# QLD: Live somewhere you can yak fish



## sunshiner (Feb 22, 2006)

Some pics 800 pixels wide. Please adjust browser window accordingly

One afternoon 15 years ago, just after my wife and I had relocated to Sunshine Beach from Brisbane I grabbed my light beach outfit and some tackle and took the 30 minute walk through the forest to the 1km-long beach fringing Alexandria Bay. Rain soaked me but the wild and windy conditions meant I had the whole beach to myself, in the middle of a National Park. Finding a slightly sheltered corner I had a ball catching and releasing various surf and reef species (well, OK I kept a couple) and distinctly remember thinking, as water streamed off my nose late on that summer afternoon "How good is this!" A more satisfied person could not have been found and the main source of that satisfaction was that at last, after an itinerant 50 years, I'd found a home where I could fish with minimal fuss.

Fifteen years later, I still can't believe my good fortune. And to make the situation even better I've adopted a kayak as my main means of closing with my quarry.

Yesterday morning the wind forecast was ideal for yak fishing and the swell on Sunshine Beach, normally daunting for yak fishers, had been knocked down by several days of offshore winds.I was out of bed at 8am and wandered down to the shop and the beach lookout just down the road. Perfect -- a rare day! Only a tiny wave stood between me and Sunshine Reef, a mere 1.5 km from the strolling beachgoers.









_Don't assume you can safely launch here. Most of the time it's very nasty._

After sending a quick email to my mates and then a leisurely breakfast I and my yak were in the carpark, two minutes from home, at 10am ready to meet the three other local guys who'd responded to my email.









_1018am. Tough conditions!_

From Sunshine Beach it takes only about 20 minutes paddle time to reach one of our favourite marks on this section of Sunshine Reef. Stu immediately boated a keeper tusk fish, first drop, using bait. Then all was quiet for a short while. The area I was fishing had numerous 2-3m "bumps" on the 22-26m bottom which clearly displayed on my sonar. I was recording a drift to the south, despite the light breeze from the SW so clearly there was a current working N to S. I'd been having a relatively lean fishing time lately and was hopeful that today would see a change in that so I was delighted when my soft plastic bait was slammed, exactly one hour after the above pic was taken. After a short tussle, a nice snapper came aboard.









_1123am. Snapper taken on soft plastic, 1/2oz jighead with wire trace, in 26m._

I radioed Jaro that I was on the board, secured and stowed the fish and then checked my tackle and recast, putting the rod down temporarily while I dealt with a small tackle bugger-up on the other rod, my trailing outfit. This task was interrupted when the casting rod went off again, with the jig head still swimming on its way to the ocean floor. Another brief tussle resulted in snapper #2 being invited aboard for tea.
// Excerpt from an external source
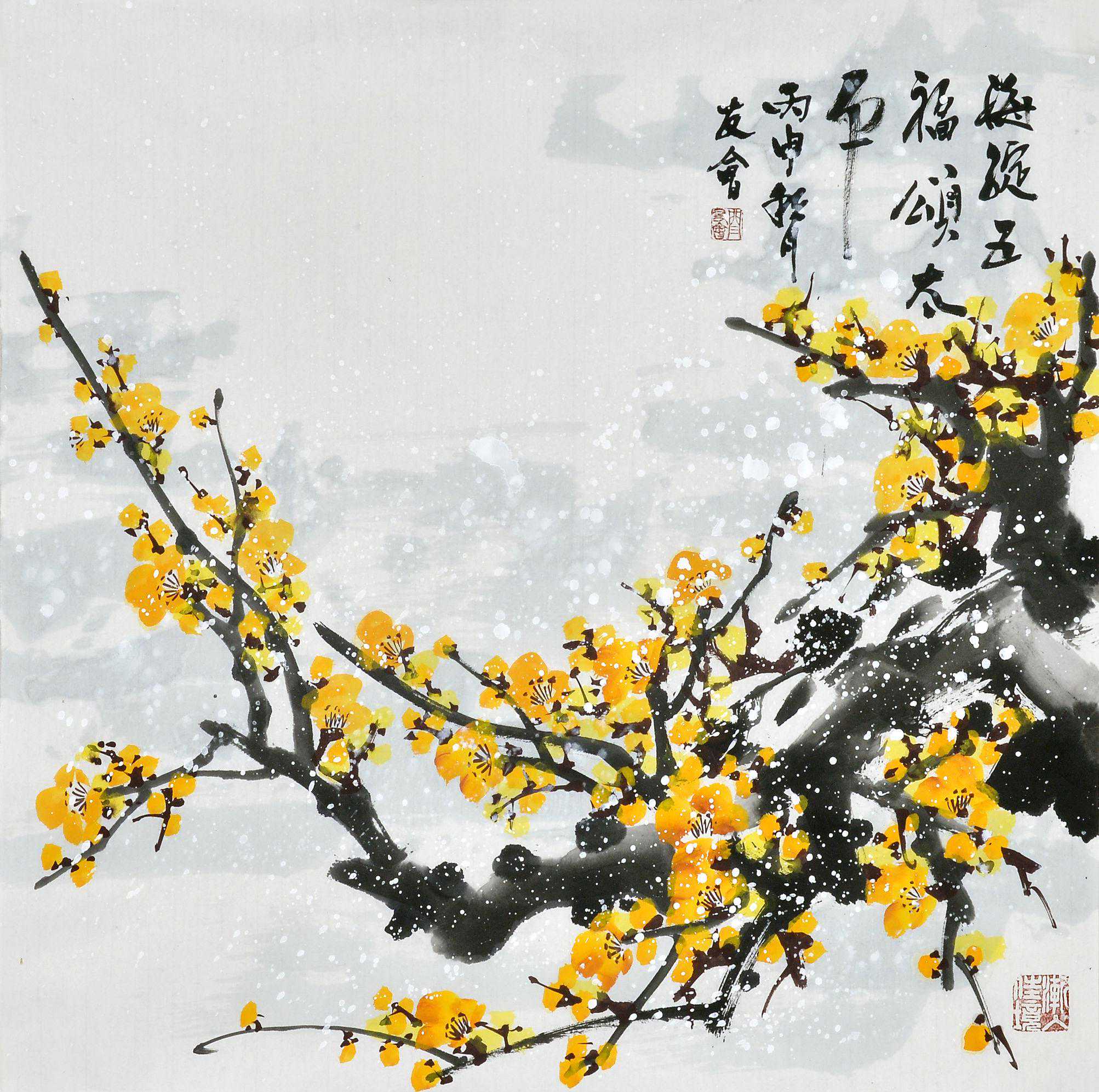闫友会,字昆石,号馨香堂,山东高唐人,现居北京。幼年受苦禅大师故乡浓厚的文化氛围影响,酷爱书画艺术,几十年笔耕不辍,尤爱画梅。潜心研究岭南画派大家关山月,以及名家王成喜的画梅技艺,博采众长,终得心愿。所画梅花繁花累累,缤纷烂漫,花朵丰腴饱满,明亮夺目,满树炽烈如火,通幅激情四射。画中梅花枝干虬曲,老干疏枝,老辣浑厚,而又不失典雅俏丽。疏影横斜之神态勾勒得淋漓尽致,可谓独树一帜。其鸿篇巨制的树梅,或尺幅小品的折枝、或春梅、或雪梅、月下之梅、冰崖之梅独辟蹊径。师法自然,着浓艳于浑厚,涵茂密于清逸,逐渐形成了自己独特的画梅艺术风格。

_1128hrs. Snapper #2. Same rig as the other_

I'd marked on the GPS a couple of interesting pieces of reef on this drift so now had some information on where the fish were likely to be but they still weren't showing on my sonar. Nevertheless I told Jaro by radio and soon he could be seen heading my way, accompanied by Stu. On arrival I showed them my drift and a couple of the key places and left them to it. The next strike I took was only a few minutes later. I worked the hard fighting fish gently and before long a beautiful red-throat emperor popped up next to the yak. Its colours were striking and I was just imagining how good this fish would be on the plate when it rolled and splashed on the surface and the hook dislodged, allowing it to return to the depths. Bummer!









_Steve drifting off Sunshine Beach, over a kilometre away in the background_

Conditions continued to be near perfect. The sun was warm, not hot, and the breeze was just strong enough to slow the drift down to a perfect speed. Out to the east was the stark horizon between sea and sky while to the west the village of Sunshine Beach lay basking in the sun. I wondered what other people were doing this Monday morning.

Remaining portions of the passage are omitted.